Here we go again....the government deciding how best to handle my own health....Look, I smoke and been smoking for 20+ years. I know its not good for my health but I should be the one to decide to stop, not the government mandating it or else I will be punished. I can agree some public places should be smoke free...I'm not against that. What I am against, is the same "government" that wants me to stop smoking is the same government that administered the Tuskegee Project. "Oh, its just a vaccine, it won't hurt you". These are the same people that received such a backlash against the Anthrax vaccine, they sent their soldiers and airmen overseas (into the Iraq Afghan wars) and mandated the service members take this vaccination. Now the observation period is underway. The results remain to be seen. And you think the government is telling me to stop smoking because they love and care for me?? I don't think so. There are always people in public that do or say or wear something that offends me. I accept this because I am in the public. But in the privacy of my own home, should someone offend me I can ask them to leave. But in public? If I smoke someone can ask me to leave?? How so? When your choices are controlled by the government, are you really a free society?

dulinty
dulinty

Laprade, you came all the way down from Canada to "enlighten the yokels" with your boilerplate spam? (Google this jerk for tens of thousands of links) Go home!

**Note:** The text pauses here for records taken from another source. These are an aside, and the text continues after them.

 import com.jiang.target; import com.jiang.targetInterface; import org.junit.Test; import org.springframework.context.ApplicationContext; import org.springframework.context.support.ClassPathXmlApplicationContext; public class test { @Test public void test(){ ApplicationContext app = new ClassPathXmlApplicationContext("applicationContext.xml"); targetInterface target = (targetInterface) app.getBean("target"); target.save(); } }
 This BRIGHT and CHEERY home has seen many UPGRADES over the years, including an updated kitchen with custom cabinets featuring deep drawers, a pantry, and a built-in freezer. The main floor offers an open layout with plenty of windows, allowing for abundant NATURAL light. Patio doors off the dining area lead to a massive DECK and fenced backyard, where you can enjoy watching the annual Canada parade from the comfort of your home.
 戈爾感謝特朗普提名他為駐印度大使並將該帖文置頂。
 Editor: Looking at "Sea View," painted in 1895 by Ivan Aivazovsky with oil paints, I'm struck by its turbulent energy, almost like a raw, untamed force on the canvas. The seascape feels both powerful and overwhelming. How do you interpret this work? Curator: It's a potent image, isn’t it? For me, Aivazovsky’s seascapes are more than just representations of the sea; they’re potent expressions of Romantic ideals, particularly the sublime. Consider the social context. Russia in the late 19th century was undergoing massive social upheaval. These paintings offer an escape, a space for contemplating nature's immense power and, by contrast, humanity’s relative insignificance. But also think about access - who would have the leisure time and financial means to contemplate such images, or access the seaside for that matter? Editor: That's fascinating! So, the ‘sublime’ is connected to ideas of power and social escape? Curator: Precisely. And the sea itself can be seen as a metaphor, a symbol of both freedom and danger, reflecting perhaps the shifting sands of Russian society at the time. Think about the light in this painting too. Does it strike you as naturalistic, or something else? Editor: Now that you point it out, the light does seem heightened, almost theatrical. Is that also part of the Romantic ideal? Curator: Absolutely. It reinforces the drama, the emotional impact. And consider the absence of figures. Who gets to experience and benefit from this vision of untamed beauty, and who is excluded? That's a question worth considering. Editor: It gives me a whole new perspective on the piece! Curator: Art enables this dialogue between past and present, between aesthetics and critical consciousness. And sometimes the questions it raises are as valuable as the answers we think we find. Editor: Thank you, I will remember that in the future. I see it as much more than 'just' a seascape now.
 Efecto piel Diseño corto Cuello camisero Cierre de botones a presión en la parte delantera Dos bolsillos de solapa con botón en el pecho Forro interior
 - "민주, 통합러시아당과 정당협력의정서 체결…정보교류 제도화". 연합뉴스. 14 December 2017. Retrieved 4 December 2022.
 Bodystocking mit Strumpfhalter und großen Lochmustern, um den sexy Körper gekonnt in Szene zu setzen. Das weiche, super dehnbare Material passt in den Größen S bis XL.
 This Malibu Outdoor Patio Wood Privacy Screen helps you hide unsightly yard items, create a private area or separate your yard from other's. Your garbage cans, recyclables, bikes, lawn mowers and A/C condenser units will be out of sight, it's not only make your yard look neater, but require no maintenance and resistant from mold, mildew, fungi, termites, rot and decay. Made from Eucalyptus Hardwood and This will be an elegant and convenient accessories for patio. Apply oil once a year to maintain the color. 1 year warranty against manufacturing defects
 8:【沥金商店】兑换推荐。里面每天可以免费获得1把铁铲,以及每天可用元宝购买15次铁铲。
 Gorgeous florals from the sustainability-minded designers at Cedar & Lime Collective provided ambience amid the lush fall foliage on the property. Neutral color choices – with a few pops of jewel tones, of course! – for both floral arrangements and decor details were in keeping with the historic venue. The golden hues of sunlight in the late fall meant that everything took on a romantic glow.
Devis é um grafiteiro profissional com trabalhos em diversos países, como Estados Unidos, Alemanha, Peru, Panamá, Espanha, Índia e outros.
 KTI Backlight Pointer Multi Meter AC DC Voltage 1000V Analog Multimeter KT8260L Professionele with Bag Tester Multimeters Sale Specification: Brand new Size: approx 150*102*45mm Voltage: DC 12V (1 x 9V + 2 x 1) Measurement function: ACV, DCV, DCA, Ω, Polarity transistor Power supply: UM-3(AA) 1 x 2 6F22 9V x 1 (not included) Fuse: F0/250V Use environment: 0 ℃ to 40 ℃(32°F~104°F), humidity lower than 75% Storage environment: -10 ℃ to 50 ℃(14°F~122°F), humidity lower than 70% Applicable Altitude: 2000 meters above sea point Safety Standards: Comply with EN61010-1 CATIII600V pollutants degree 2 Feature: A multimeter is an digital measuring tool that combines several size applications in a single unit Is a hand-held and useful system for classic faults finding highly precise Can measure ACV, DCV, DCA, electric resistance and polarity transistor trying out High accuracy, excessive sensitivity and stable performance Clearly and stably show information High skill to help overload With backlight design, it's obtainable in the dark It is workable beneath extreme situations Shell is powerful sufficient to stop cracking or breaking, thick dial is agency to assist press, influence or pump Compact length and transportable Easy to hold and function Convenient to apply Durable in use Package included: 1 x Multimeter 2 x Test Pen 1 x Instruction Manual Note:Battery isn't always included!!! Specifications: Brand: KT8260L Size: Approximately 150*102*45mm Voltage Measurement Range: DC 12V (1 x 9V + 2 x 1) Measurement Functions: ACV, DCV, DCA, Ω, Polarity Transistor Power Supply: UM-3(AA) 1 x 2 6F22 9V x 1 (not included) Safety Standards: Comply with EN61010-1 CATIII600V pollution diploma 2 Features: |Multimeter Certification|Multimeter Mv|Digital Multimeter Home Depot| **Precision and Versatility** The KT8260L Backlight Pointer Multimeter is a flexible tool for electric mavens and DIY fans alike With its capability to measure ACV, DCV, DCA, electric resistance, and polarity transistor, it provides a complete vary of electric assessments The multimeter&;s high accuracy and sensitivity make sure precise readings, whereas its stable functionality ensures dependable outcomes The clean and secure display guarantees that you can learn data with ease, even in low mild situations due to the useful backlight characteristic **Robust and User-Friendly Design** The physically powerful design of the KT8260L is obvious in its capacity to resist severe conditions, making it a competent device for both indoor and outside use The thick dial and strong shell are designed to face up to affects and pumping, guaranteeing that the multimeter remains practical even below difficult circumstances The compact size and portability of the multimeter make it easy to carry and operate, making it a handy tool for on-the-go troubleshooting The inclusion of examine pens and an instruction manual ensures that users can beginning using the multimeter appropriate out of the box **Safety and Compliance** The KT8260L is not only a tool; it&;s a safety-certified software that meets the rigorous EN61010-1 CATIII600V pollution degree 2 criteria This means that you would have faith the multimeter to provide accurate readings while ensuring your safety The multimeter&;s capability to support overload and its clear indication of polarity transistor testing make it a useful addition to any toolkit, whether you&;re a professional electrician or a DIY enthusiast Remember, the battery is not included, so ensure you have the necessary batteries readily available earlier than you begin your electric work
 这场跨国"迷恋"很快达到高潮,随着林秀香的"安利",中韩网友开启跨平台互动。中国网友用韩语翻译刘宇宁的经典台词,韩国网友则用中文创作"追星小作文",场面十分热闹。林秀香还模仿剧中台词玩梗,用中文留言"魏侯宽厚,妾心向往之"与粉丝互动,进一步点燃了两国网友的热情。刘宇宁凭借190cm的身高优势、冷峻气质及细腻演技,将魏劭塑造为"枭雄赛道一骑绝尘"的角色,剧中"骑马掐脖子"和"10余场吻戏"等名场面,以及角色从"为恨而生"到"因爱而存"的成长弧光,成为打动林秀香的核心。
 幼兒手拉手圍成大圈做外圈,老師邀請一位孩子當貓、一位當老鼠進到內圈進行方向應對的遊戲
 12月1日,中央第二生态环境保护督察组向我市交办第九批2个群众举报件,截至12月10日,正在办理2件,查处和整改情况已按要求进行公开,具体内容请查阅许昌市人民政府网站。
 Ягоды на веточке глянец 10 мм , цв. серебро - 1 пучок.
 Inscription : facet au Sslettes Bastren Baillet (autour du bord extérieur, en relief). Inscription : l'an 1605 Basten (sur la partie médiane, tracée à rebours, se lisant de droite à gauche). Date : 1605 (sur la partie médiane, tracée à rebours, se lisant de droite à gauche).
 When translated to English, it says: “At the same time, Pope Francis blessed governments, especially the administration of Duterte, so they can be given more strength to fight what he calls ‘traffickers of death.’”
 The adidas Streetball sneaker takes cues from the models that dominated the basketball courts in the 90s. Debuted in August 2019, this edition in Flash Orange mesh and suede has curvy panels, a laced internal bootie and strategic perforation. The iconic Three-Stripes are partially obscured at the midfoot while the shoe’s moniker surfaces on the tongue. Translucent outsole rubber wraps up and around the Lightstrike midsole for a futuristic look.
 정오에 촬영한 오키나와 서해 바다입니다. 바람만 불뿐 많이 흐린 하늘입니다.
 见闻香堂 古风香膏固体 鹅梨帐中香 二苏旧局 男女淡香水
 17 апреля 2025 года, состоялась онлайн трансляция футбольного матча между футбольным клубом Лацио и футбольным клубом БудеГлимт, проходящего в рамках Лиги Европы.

Your kind of garbage doesn't go in America!

Bill hubbard
Bill hubbard

Require a large sign posted by the door that says smoking is permitted in this restaurant. I will avoid that restaurant like the plague.

Thomas Laprade
Thomas Laprade

Nonsmokers, like anyone else, have the right to choose to be in a smokeless or smoking environment. But how far does that right extend? Should it take priority over someone else's right to choose as well? Court houses, publicly-owned buildings and anywhere else an individual might be forced to go should be included in any smoking law. What should not be included are places located in or on private property, providing an individual is not compelled by law to frequent or work at that specific location.